83. A method comprising administering to a subject the mRNA or composition of any one of the preceding claims in an amount effective to induce a T cell immune response against SARS-CoV-2 in the subject.

84. A method comprising administering to a subject the mRNA of any one of claims 1-48 in an amount effective to induce a neutralizing antibody response and a T cell immune response against SARS-CoV-2 in the subject.

85. A messenger ribonucleic acid (mRNA) comprising an Open Reading Frame (ORF) encoding at least one domain of a SARS-CoV-2 spike protein.

86. The mRNA of claim 84, wherein the mRNA is any one of claims 1 to 48.

87. The mRNA of claim 84 or 85, wherein the ORF encodes a polypeptide that is identical to SEQ ID NO:77 has an amino acid sequence of at least 80% identity.

88. The mRNA of claim 84 or 85, wherein the ORF encodes a polypeptide that is identical to SEQ ID NO:77 has an amino acid sequence of at least 85%, at least 90%, at least 95%, at least 96%, at least 97%, at least 98%, or at least 99% identity.

89. The mRNA of claim 84 or 85, wherein the ORF encodes the amino acid sequence of SEQ ID NO: 77.

90. The mRNA of claim 84 or 85, wherein the ORF comprises a nucleotide sequence identical to SEQ ID NO:76 has a nucleotide sequence of at least 70% identity.

91. The mRNA of claim 84 or 85, wherein the ORF comprises a sequence identical to SEQ ID NO:76 has a nucleotide sequence of at least 75%, at least 80%, at least 90%, at least 95%, at least 96%, at least 97%, at least 98%, or at least 99% identity.

92. The mRNA of claim 84 or 85, wherein the ORF comprises the amino acid sequence of SEQ ID NO: 76.

93. The mRNA of claim 84 or 85, wherein the ORF encodes a polypeptide that is identical to SEQ ID NO:47 has an amino acid sequence of at least 80% identity.

94. The mRNA of claim 84 or 85, wherein the ORF encodes a polypeptide that is identical to SEQ ID NO:47 has an amino acid sequence of at least 85%, at least 90%, at least 95%, at least 96%, at least 97%, at least 98%, or at least 99% identity.

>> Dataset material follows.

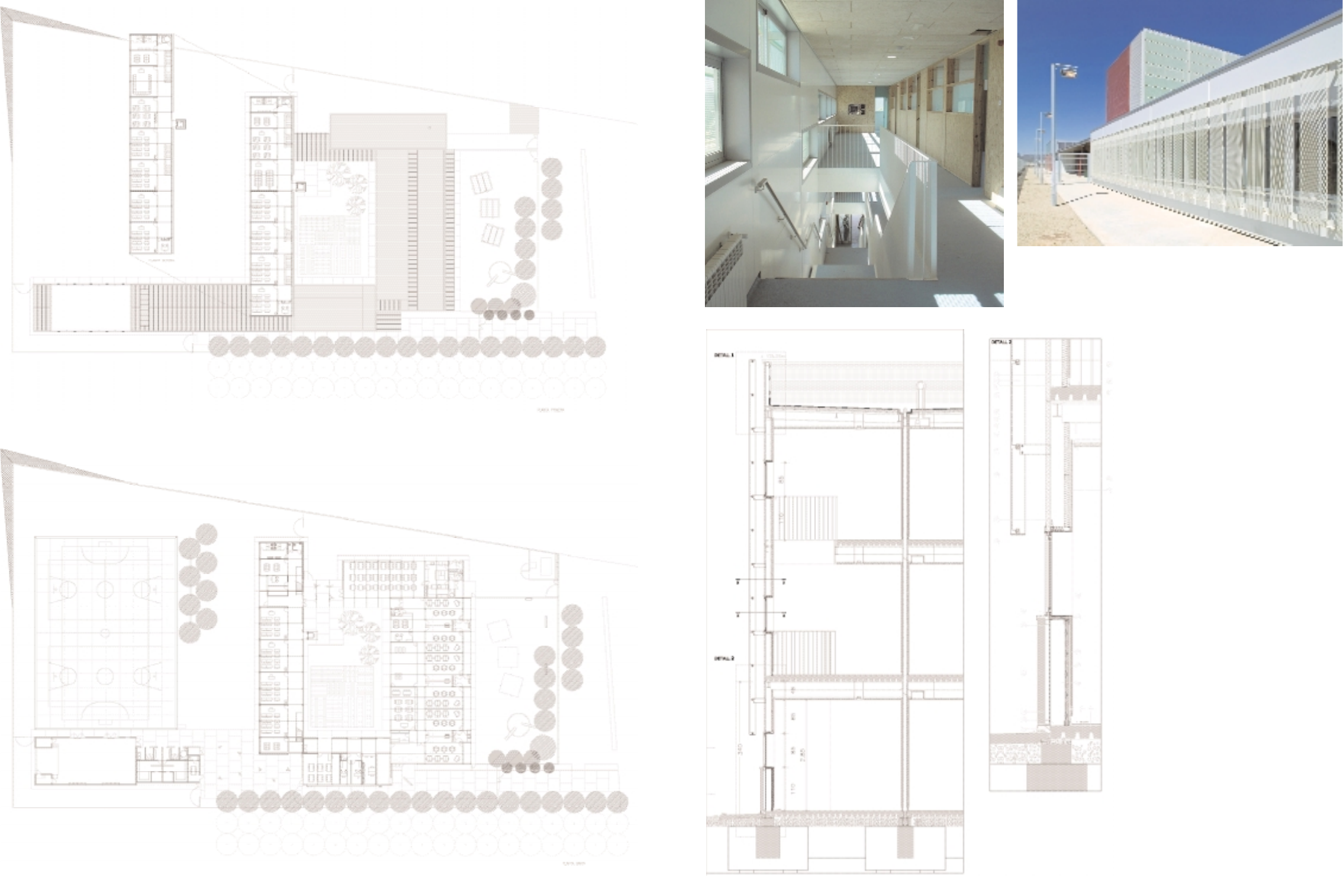 54 Plantas primera y baja comendable dada la alta repercusión económica del transporte, que sean lo más compactos posible y optimi- zar la modulación ya que es el pará- metro que permitirá ser más competi- tivos en relación a otros sistemas industrializados”. Los módulos tienen dimensiones variables pero similares, en torno a la optimización citada del transporte. También su estructura obedece al concepto común de una retícula de perfiles ligeros con nudos rígidos, con luces del orden del ancho del módulo. Así los módulos del aulario de tres plantas miden 10x3.75 m. a caras ex- teriores, y su armazón una retícula de 8 pilares situados en las caras exter- nas, cuatro de ellos en las esquinas, de modo que al ensamblarse los so- portes se duplican. Los soportes son tubos cuadrados de 100 a 120 mm. y las vigas IPE 220-240 mm. El ensam- blaje entre módulos se realiza me- diante unos casquillos atornillados. Los módulos del gimnasio tienen una concepción más tradicional. Mi- den 11x3.85 m. con 11 m. de luz li- bre y soportes sólo en las esquinas.Sección constructiva de la galería 7 Emplea vigas trianguladas ligeras de secciones tubulares y soportes en H, con uniones atornilladas con placas de testa. Las fachadas son en general muy acristaladas, con los elementos opa- cos ligeros y una amplia cámara de aire en la que queda oculto el arma- zón. La hoja externa es un panel me- tálico industrial inyectado en poliure- tano, con un revestimiento de chapa perfilada que en la fachada sur es perforada y se sobrepone también al acristalamiento para actuar como pa- rasol. En los zócalos y en la fachada de acceso el sistema se sustituye por un panel de hormigón prefabricado. La hoja interior es un tablero de cartón- yeso con un nuevo aislamiento de lana de roca. Las cubiertas son lige- ras, tipo deck. El proceso de fabricación está or- ganizado como una cadena de mon- taje que facilita un alto porcentaje de acabados de cada módulo depen- diendo de las soluciones constructi- vas que conciernen al diseño del proyecto. De esta manera en pocos días se pasa de la fase de ensamblaje 6 Secciones constructivas de la fachada norte. Sección del pabellón de administración y detalle de la coronación. Construcción del edificio zona más cercana a la producción, buscando situar la fábrica en áreas de influencia de grandes zonas urba- nas (300 / 400km), que además de reducir los plazos de esta fase ayuda- rían a reducir costos energéticos y económicos que genera el transporte así como también el gasto de despla- zamiento de operarios cualificados para el acoplamiento, montaje y re- mate final en obra. 9 de la estructura a la ejecución de los acabados interiores y, exteriores, al trazado completo de las instalaciones y aparatos sanitarios, luminarias, ra- diadores, etc., En definitiva, el conjunto altera el papel clásico del arquitecto, la em- presa constructora y la empresa in- dustrial, así como el modelo de pro- yecto de ejecución que se desarrolla más ligado al proceso productivo o la dirección de obra que se divide en tres fases, la del control de la obra ci- vil in situ, la de desarrollo del siste- ma de producción en fábrica y la del ensamblaje definitivo y detalles fina- les. El sistema requiere, en la fase de proyecto, de una fuerte complicidad entre arquitectos y la oficina técnica industrial que ha de desarrollar el proyecto, entendiendo para unos las magníficas posibilidades que genera la lógica de la industria y para los otros la necesidad de una I+D que ayude a avanzar hacia un producto final más competitivo, de mejor cua- lidad y mejor ajustado a los sistemas de producción de nuestro tiempo. En la fase de producción se re- quiere de la aplicación de los siste- mas propios de la industria más avanzada como son la automoción o la aeronáutica consiguiendo una gran calidad de acabados, un atento sistema de control de calidad, seguri- dad en el trabajo y reciclaje de resi- duos, con la reducción de los plazos de producción y reducción de gastos de financiación con el consecuente abaratamiento del producto final. Para que al final este producto sea más competitivo, seria necesario que la fase de transporte, acoplamiento y remate de obra se realizaran en una 8 Planta de estructura de un pabellón y algunos detalles de los nudos TORRE DE ASCENSOR EN CARTAGENA Torre de ascensor y oficinas. Cartagena, Murcia, 2005 Promotor Cartagena Puerto de Culturas Arquitectos Atxu Amann, Andrés Canovas, Nicolás Maruri, Martín Lejárraga. Estructuras Ingeniería José Cerezo Empresa constructora Intersa Con la torre de ascensor de Carta- gena se unen dos niveles de la ciu- dad que hasta ahora permanecían sin conectar. La actuación tiene el doble senti- do de “en primer lugar restituir un re- corrido desaparecido en el siglo XIX, y en segundo lugar activar el propio monte y los refugios que la guerra ci- vil construye en su interior, para, a partir de su lectura, continuarlos y dotarlos de un sentido que los haga posible en el conjunto de la actua- ción como frente urbano construido”. La construcción se compone de dos elementos principales: el conjun- to de la torre-ascensor con su pasare- la horizontal y el edificio de oficinas, que actúa como un muro de conten- ción que aloja en su interior las de- pendencias del programa terciario y que aparece como una continuación de los refugios. La torre, de 45 metros de altura, permite salvar el desnivel de 36 me- tros existente, y la pasarela de unión salva casi 27 metros de luz. Las oficinas, adosadas en una úni- ca planta al desnivel como muro de contención, se conectan interiormen- te a través de escaleras y pasadizos a las cuevas-refugio. Están cerradas al exterior y el acceso y la entrada de luz y ventilación se realiza a través de unos huecos verticales en el muro pétreo. El conjunto de la pasarela y la torre actúa como un gran pórtico, con la primera apoyada en la parte alta del des

95. The mRNA of claim 84 or 85, wherein the ORF encodes the amino acid sequence of SEQ ID NO: 47.

96. The mRNA of claim 84 or 85, wherein the ORF comprises a sequence identical to SEQ ID NO:46 has a nucleotide sequence of at least 70% identity.

97. The mRNA of claim 84 or 85, wherein the ORF comprises a nucleotide sequence identical to SEQ ID NO:46, has a nucleotide sequence of at least 75%, at least 80%, at least 90%, at least 95%, at least 96%, at least 97%, at least 98%, or at least 99% identity.

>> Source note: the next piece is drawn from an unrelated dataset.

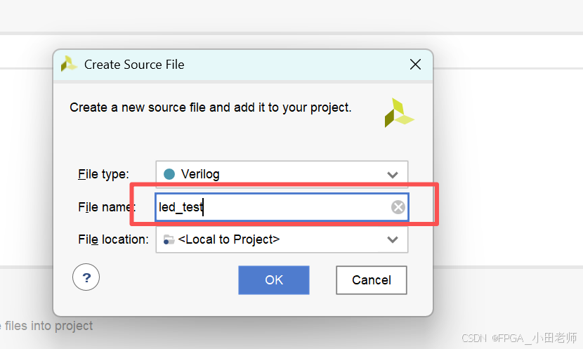 **第二步:**点击Create File,创建一个名为led_test的verilog文件,点击ok

98. The mRNA of claim 84 or 85, wherein the ORF comprises the amino acid sequence of SEQ ID NO: 46.

99. The mRNA of claim 84 or 85, wherein the ORF encodes a polypeptide that is identical to SEQ ID NO:62, optionally wherein the antigen comprises an amino acid sequence having at least 80%, at least 85%, at least 90%, at least 95%, at least 96%, at least 97%, at least 98%, or at least 99% identity to the amino acid sequence of SEQ ID NO: 62.

100. The mRNA of claim 84 or 85, wherein the ORF comprises a sequence identical to SEQ ID NO:61, or a nucleotide sequence having at least 70%, at least 75%, at least 80%, at least 90%, at least 95%, at least 96%, at least 97%, at least 98%, or at least 99% identity, optionally wherein the open reading frame comprises the nucleotide sequence of SEQ ID NO: 61.

101. The mRNA of claim 84 or 85, wherein the ORF encodes a polypeptide that is identical to SEQ ID NO: 92. 140 or 143 has an amino acid sequence with at least 80% identity.

102. The mRNA of claim 84 or 85, wherein the ORF encodes a polypeptide that is identical to SEQ ID NO: 92. 140 or 143 has an amino acid sequence that is at least 85%, at least 90%, at least 95%, at least 96%, at least 97%, at least 98%, or at least 99% identical.

103. The mRNA of claim 84 or 85, wherein the ORF encodes the amino acid sequence of SEQ ID NO: 92. 140 or 143.

104. The mRNA of claim 84 or 85, wherein the ORF comprises a sequence identical to SEQ ID NO: 91. 139 or 142 has a nucleotide sequence of at least 70% identity.

105. The mRNA of claim 84 or 85, wherein the ORF comprises a nucleotide sequence identical to SEQ ID NO: 91. 139 or 142 has a nucleotide sequence of at least 75%, at least 80%, at least 90%, at least 95%, at least 96%, at least 97%, at least 98%, or at least 99% identity.

106. The mRNA of claim 84 or 85, wherein the ORF comprises SEQ ID NO: 91. 139 or 142.

107. The mRNA of claim 84 or 85, wherein the ORF encodes a polypeptide that is identical to SEQ ID NO:107, optionally wherein the antigen comprises an amino acid sequence of at least 80%, at least 85%, at least 90%, at least 95%, at least 96%, at least 97%, at least 98%, or at least 99% identity to the amino acid sequence of SEQ ID NO: 107.

108. The mRNA of claim 84 or 85, wherein the ORF comprises a nucleotide sequence identical to SEQ ID NO:106, or a nucleotide sequence having at least 70%, at least 75%, at least 80%, at least 90%, at least 95%, at least 96%, at least 97%, at least 98%, or at least 99% identity, optionally wherein the open reading frame comprises the nucleotide sequence of SEQ ID NO: 106.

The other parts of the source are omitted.